====== Entries provided
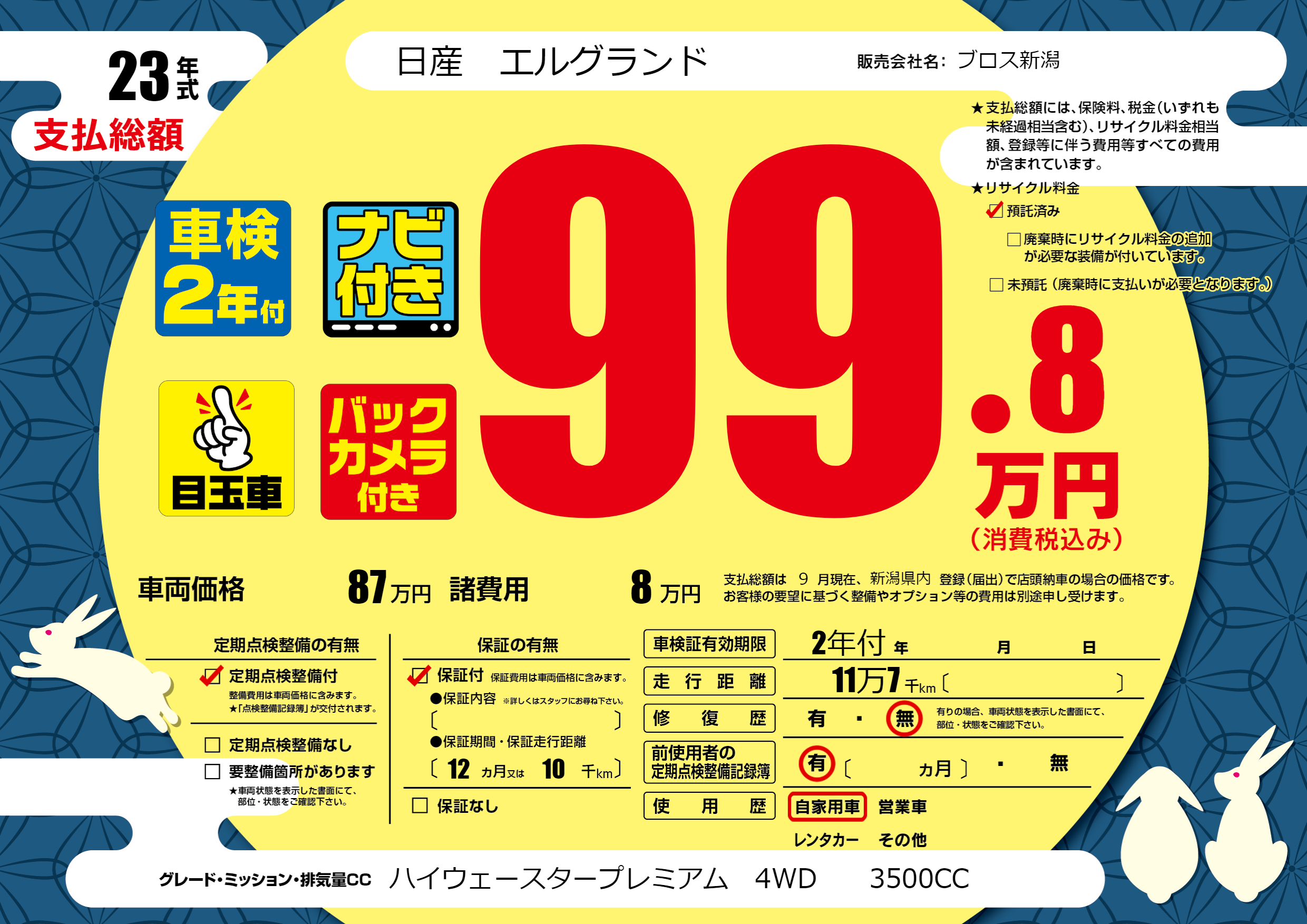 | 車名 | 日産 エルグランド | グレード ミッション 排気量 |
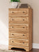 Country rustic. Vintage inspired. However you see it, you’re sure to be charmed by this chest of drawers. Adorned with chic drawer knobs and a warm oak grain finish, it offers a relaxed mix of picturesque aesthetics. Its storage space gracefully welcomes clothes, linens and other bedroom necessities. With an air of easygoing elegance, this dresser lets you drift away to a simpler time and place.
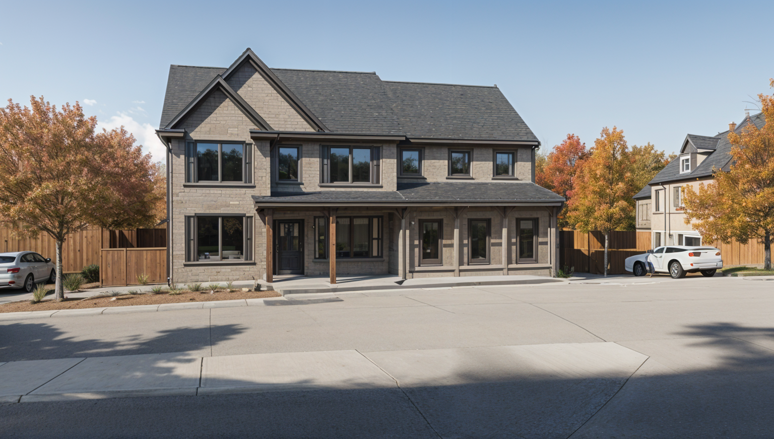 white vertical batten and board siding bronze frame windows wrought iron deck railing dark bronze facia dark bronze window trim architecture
============
====== Entries provided
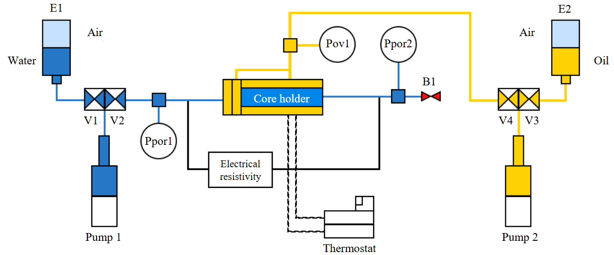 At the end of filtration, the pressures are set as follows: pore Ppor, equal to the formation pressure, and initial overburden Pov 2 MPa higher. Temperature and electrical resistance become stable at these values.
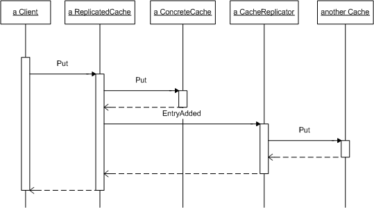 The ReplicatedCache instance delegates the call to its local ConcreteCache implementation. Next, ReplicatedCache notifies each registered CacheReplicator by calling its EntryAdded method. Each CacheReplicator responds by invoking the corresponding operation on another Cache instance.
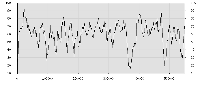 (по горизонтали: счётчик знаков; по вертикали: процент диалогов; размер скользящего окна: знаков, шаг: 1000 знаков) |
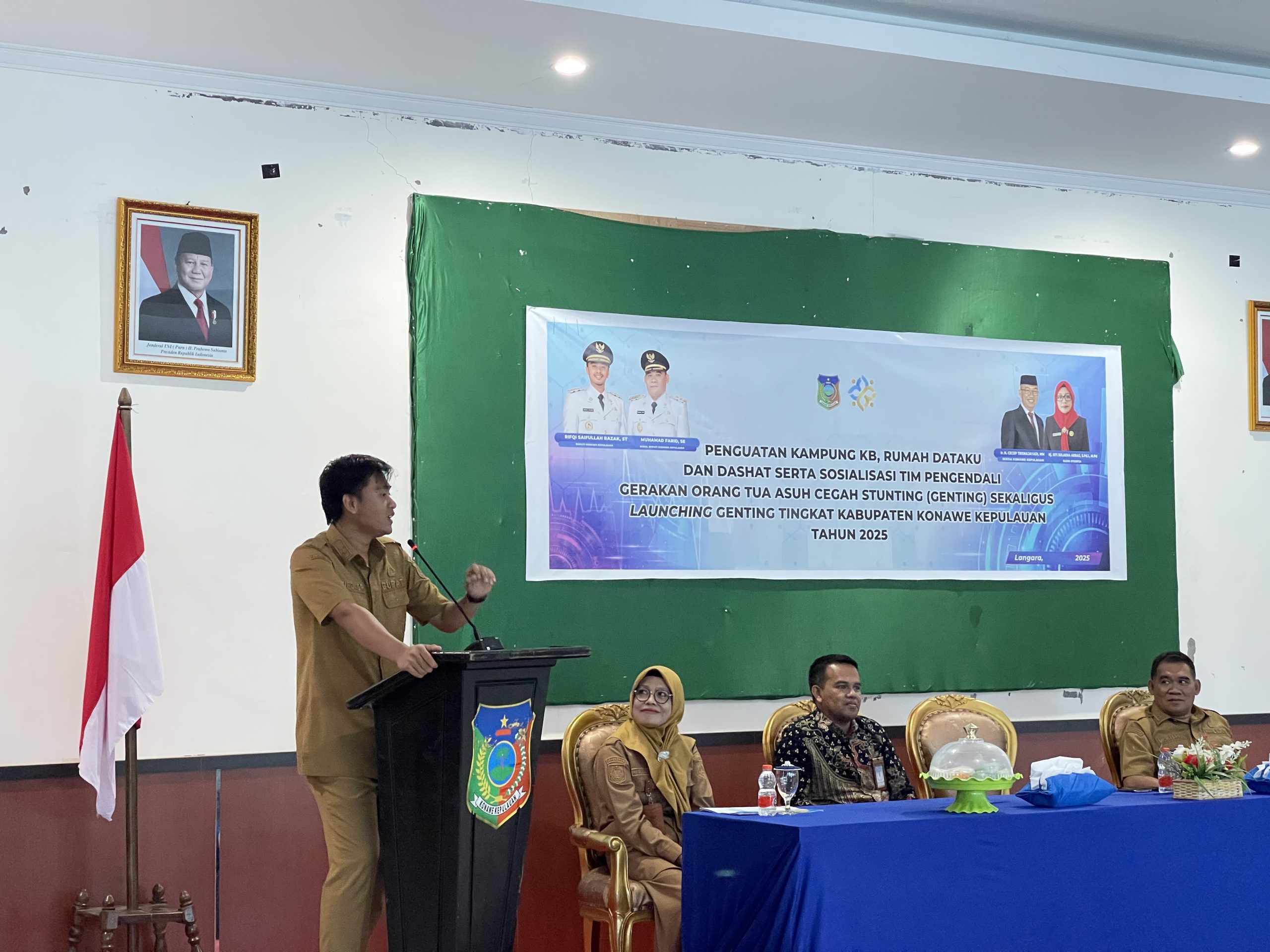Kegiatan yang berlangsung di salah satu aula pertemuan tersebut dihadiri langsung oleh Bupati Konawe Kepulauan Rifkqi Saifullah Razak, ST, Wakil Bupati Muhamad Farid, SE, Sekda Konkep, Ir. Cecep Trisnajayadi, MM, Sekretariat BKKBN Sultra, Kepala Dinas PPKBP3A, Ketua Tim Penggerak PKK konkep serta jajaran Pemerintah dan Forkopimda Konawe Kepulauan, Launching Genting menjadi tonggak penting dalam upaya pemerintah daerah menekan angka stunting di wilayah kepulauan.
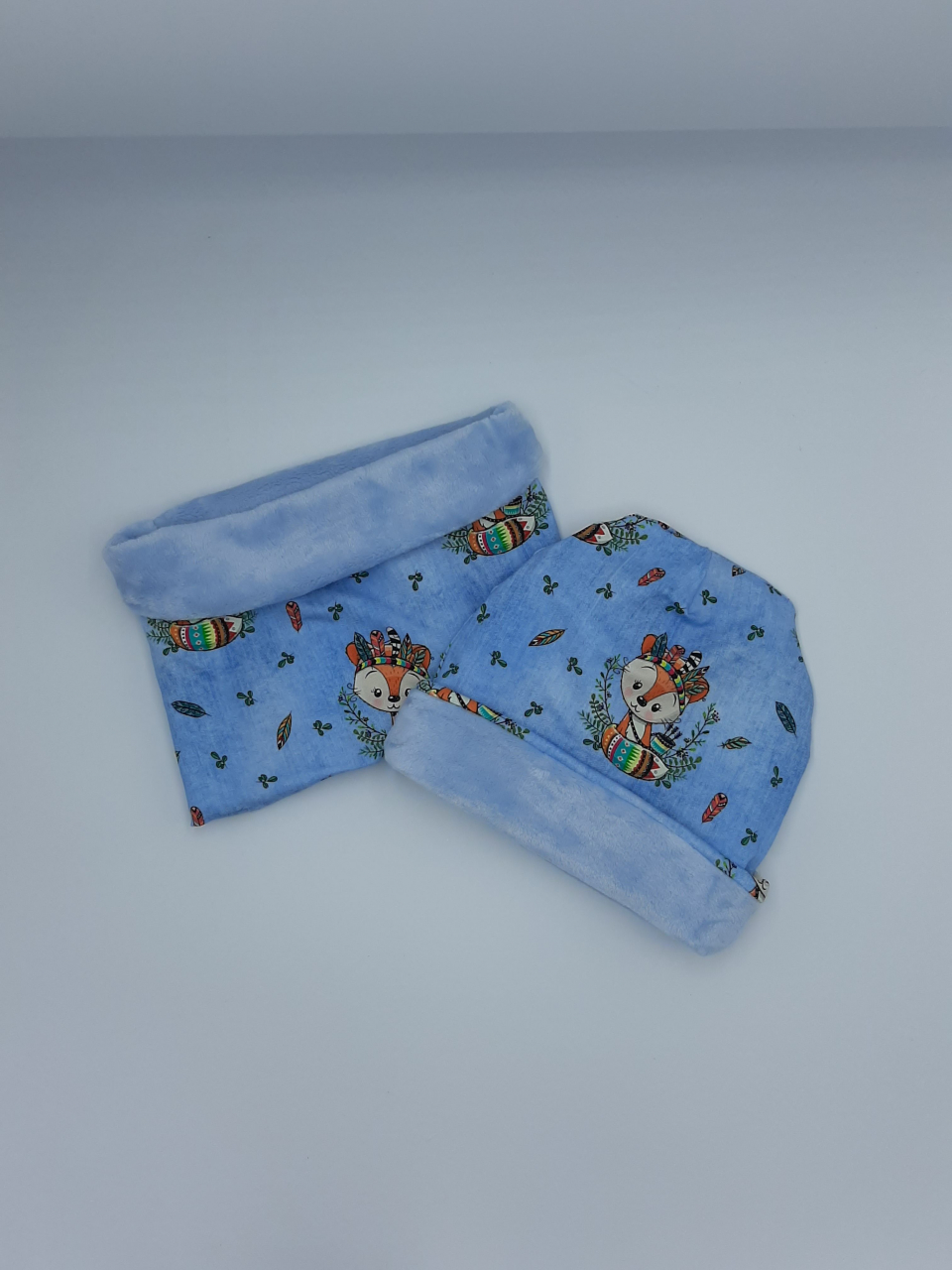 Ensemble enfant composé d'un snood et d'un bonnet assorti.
============
◆ Problem details
Return word for word the lines of the listing above, starting at the line with "ミッション 排気量 |" and ending at the line with "white vertical batten", both included. Pictures do not belong in the copy.

◆ Result of the exercise
 | 車名 | 日産 エルグランド | グレード ミッション 排気量 |
 Country rustic. Vintage inspired. However you see it, you’re sure to be charmed by this chest of drawers. Adorned with chic drawer knobs and a warm oak grain finish, it offers a relaxed mix of picturesque aesthetics. Its storage space gracefully welcomes clothes, linens and other bedroom necessities. With an air of easygoing elegance, this dresser lets you drift away to a simpler time and place.
 white vertical batten and board siding bronze frame windows wrought iron deck railing dark bronze facia dark bronze window trim architecture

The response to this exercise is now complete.